Does HDB profit from the sale of public housing flats?

Posted on 03 Sep 2015 |

No, the allegations about profiting from the public housing programme have no basis. There are published facts and figures to show that HDB does not profit from the sale of public housing.

HDB is committed to providing affordable housing. In implementing the Home Ownership Programme, HDB incurs deficits every financial year. That is because the amount collected from the sale of flats is less than the total development cost, which includes construction and land costs, and CPF housing grants disbursed to eligible home buyers.

HDB also incurs deficits in its other activities, such as upgrading programmes and the provision of rental flats. These are actual deficits that are funded by Government grants.

HDB’s deficits, including key components of income and expenses, are reflected in its audited financial statements published each year. These statements are available publicly, and can be easily accessed from the HDB InfoWEB and on the Singapore Exchange website.

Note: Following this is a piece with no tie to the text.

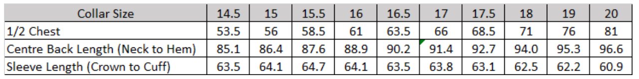 • Sizing Details

HDB’s financial statements are prepared in accordance with the Singapore Statutory Board Financial Reporting Standards, and are audited by independent and established auditing firms.

In FY 2015/16, HDB incurred a deficit of $1,179 million on its Homeownership Programme. The average deficit was about $1,620 million a year in the last 3 years (FY 2013 - 2016).

HDB incurred an overall deficit before government grant of $1,639 million in FY 2015/16. The average deficit before government grant was about $1,877 million in the last 3 years (FY 2013 - 2016).